Fatwa Tarjih: Adakah Zakat Bagi Pegawai
MUHAMMADIYAH SULSEL, YOGYAKARTA - Fatwa Tarjih memuat pembahasan tentang adakah zakat bagi pegawai. Artikel ini ditulis ulang dari tanya jawab Fatwa Tarjih dengan mempertahankan pokok pertanyaan, dasar jawaban, dan batasan hukum yang disebut dalam sumber.
Pertanyaan
Pertanyaan yang dibahas adalah: Apakah gaji pegawai negeri/swasta sebagai pendapatan, dikenakan zakat? Kalau dikenakan zakat, berapa zakatnya dan batas berapa yang kena zakat?
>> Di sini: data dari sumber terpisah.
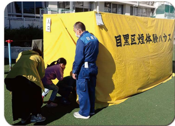
校庭には、煙体験や起震車による地震体験も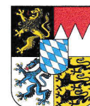
Bayern 70.550 km 2 12,604 Mio EW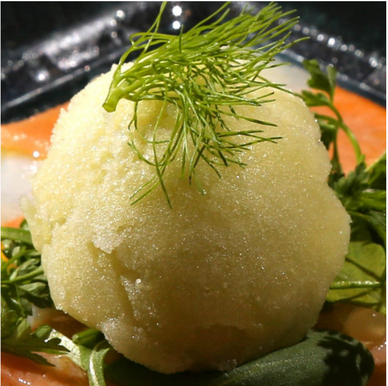
Sorbet surprenant au fenouil

Voici un très parfumé et étonnant sorbet au fenouil qui se marie parfaitement en été avec une salade de tomate, un carpaccio ou un tartare qu'il soit de viande ou de poisson... La préparation de cette recette se fait la veille en raison du passage en congélation.

Kalau tidak, adilkah petani, pedagang, peternak saja yang dikena zakat, sedang pegawai pada abad ke-20 ini hidupnya lebih cukup? Terutama para professional seperti dokter, konsultan, akuntan,...
Pokok Jawaban
Pengeluaran boleh akhir tahun, boleh dicicil tiap bulan pada waktu menerima, sebesar 2,5 (dua setengah) persen.
Karena zakat gaji pegawai belum menjadi ketetapan qarar Muktamar Tarjih, maka sesuai dengan penutup buku pedoman itu (Al Amwaal Fil Islam) bagi yang berpendapat tidak sesuai dengan ketentuan ini, anggap saja pengeluaran itu sebagai infaq atau iuran wajib, yang telah diatur Pimpinan Organisasi.
Jumlah yang dikenakan zakat itu kalau gaji setahun dikumpul mencapai harga emas seberat 85 gram murni.
Pertanyan seperti ini pernah ditanyakan dalam SM No.
Dasar dan Pertimbangan
Harta yang diberikan oleh Allah kepada manusia adalah sesuatu kenikmatan dan amanah Allah, perlu disyukuri dan perlu dipenuhi hak-hak dan kewajiban bagi pemiliknya, antaranya kewajiban zakat.
Yang dikenai zakat itu semua harta pemberian Allah hasil usaha manusia pada umumnya dan hasil usaha dari hasil bumi, berdasarkan pada pengertian umum ayat 267 ayat Al Baqarah.
Pengeluaran zakat itu didasarkan pada pemenuhan perintah Allah sebagai ibadah, juga untuk membersihkan harta itu dan membersihkan hati pemiliknya, di samping pemerataan pada yang lain, didasarkan antara lain pada ayat 103 surat At Taubah dan ayat 19 surat Adz Dzariyat.
Kesimpulan
Dari uraian tersebut, Fatwa Tarjih menempatkan persoalan adakah zakat bagi pegawai dalam kerangka dalil, praktik ibadah, dan kemaslahatan. Pembaca tetap dianjurkan merujuk naskah sumber untuk melihat redaksi lengkap, riwayat, dan catatan dalil yang menyertainya.